#### DATA FOR REVIEW
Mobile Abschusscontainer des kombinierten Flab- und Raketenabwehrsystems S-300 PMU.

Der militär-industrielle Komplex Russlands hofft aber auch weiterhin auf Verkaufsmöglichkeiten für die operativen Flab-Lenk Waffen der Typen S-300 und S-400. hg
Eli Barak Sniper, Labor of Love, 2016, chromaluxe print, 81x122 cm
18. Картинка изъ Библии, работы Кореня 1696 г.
########
#### DATA FOR REVIEW
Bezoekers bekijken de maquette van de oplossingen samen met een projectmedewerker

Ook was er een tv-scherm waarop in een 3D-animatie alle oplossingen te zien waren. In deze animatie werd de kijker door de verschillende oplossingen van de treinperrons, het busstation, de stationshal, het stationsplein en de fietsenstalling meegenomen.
########
__YOUR TASK__
Give back the records above exactly, limited to the lines between the one holding "Bezoekers bekijken de" and the one holding "Ook was er een", inclusive.

__ANSWER BOX__
Bezoekers bekijken de maquette van de oplossingen samen met een projectmedewerker

Ook was er een tv-scherm waarop in een 3D-animatie alle oplossingen te zien waren. In deze animatie werd de kijker door de verschillende oplossingen van de treinperrons, het busstation, de stationshal, het stationsplein en de fietsenstalling meegenomen.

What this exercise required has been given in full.